There have been other points jotted down in the negative column. Analysts in the tourism industry have not found much in the way of what Exit returns to the local economy. Yes, there are the fees for concerts, not in themselves exorbitant, but the young patrons, despite being by and large “western” do not tend to fork out as much as they would at other events. They are, as one study in Geographical Institute “Jovan Cvijić” puts it, young and “unemployed” in the main. Then there is the spike in prices during the days of festival, with variations in quality of supply.
Damage also accrues to the fortress each time the revellers stomp through its environs. True, it was designed to sustain considerable amount of wear and tear, but the modern party goer is a breed as ferocious as any Ottoman invader or standing garrison.

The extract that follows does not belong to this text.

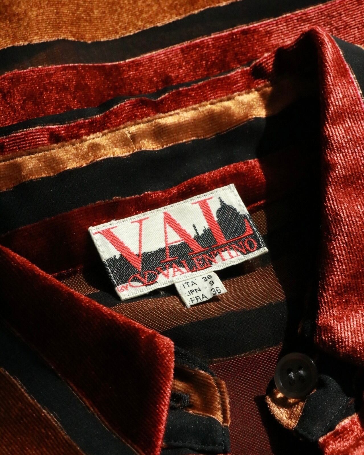 ベロアとシースルーの異素材mixのシャツで、三色の色づかいがアイコンとなり、一枚でも目を引くアイテムとなります。
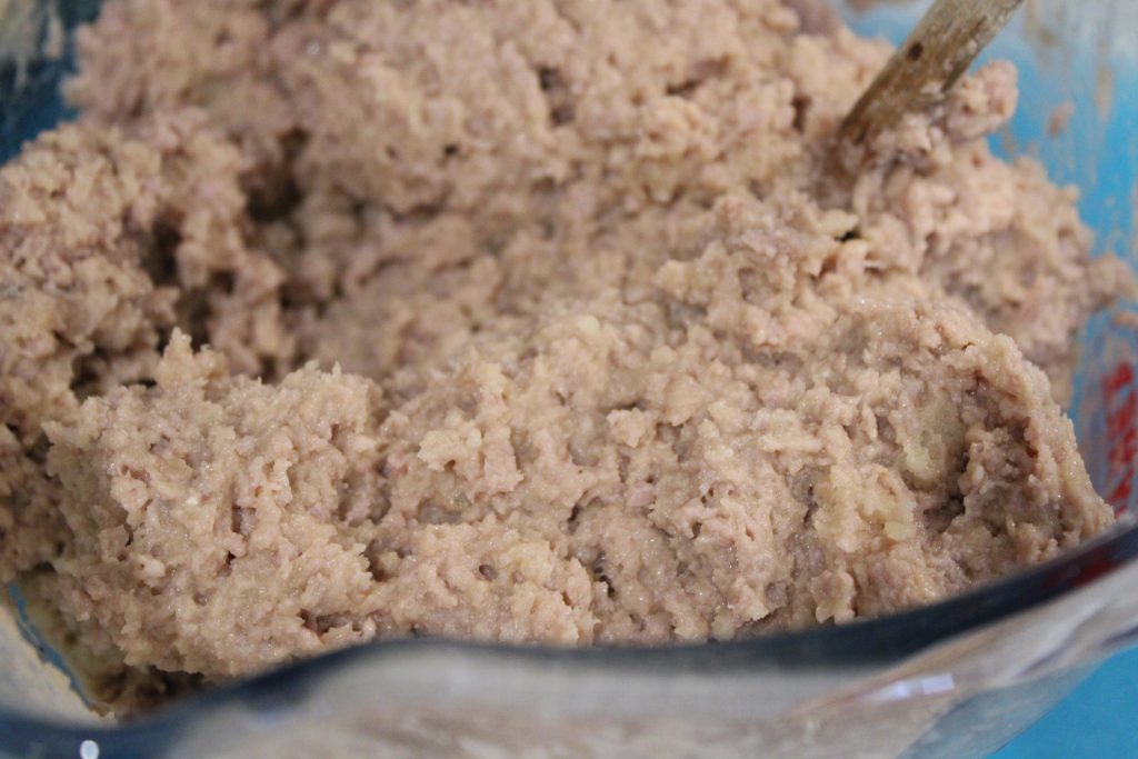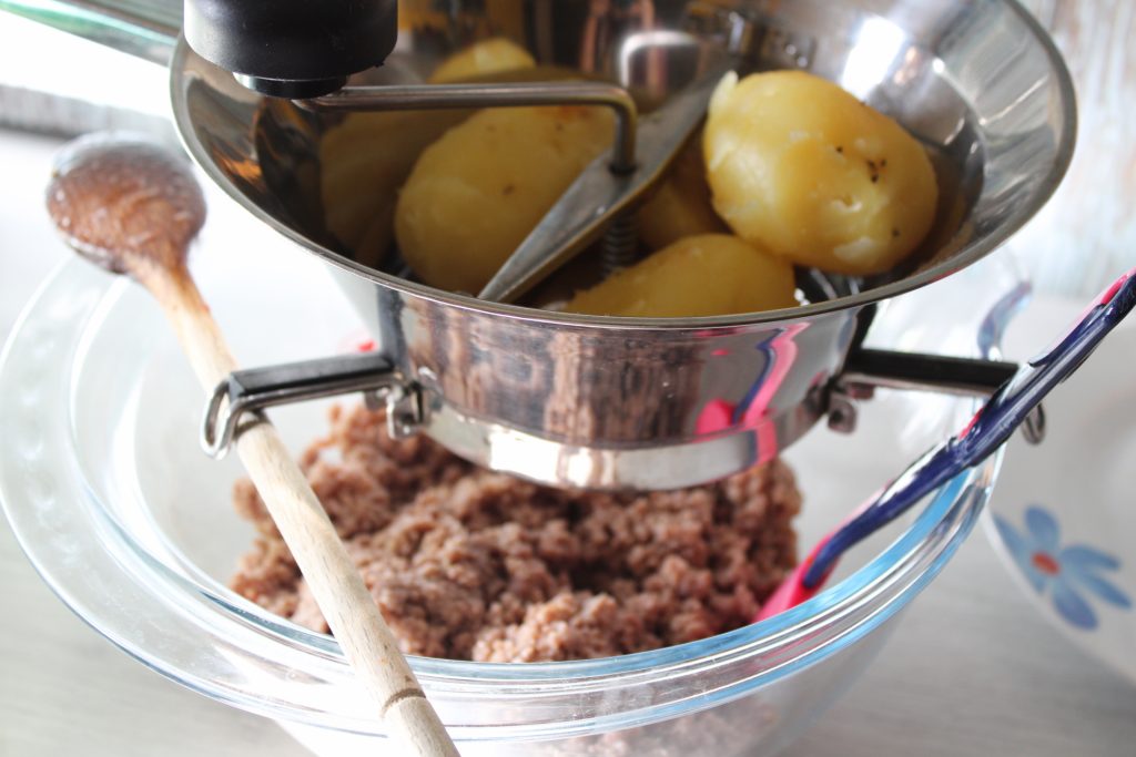 Dorar la salchicha sin piel en poco aceite. Desmenuzar bien o pasar por el mixer. Unir en un bol las patatas aún calientes, pasadas por el pasa puré, el puré de castañas y ajustar de sal.

The uncritical eye will see the event as one of genuine enjoyment, the image of a state stripped bare. Few countries do musical festivals better than Serbia. In 2010, a study found that 49 “traditional pop music festivals” were held annually. No longer estranged, Serbia is embraced, even if it requires a heavy dose of alcohol and window dressing. In 2006, as former editor of Ritam Magazine, Dragan Ambrozić, remarked, foreign performers were greeted by a different scene to the conventional bogeyman image, finding instead a “knowledgeable, passionate audience – very different to what the media had led them to expect.” The Austrians of the eighteenth century would have been amused by all the fuss.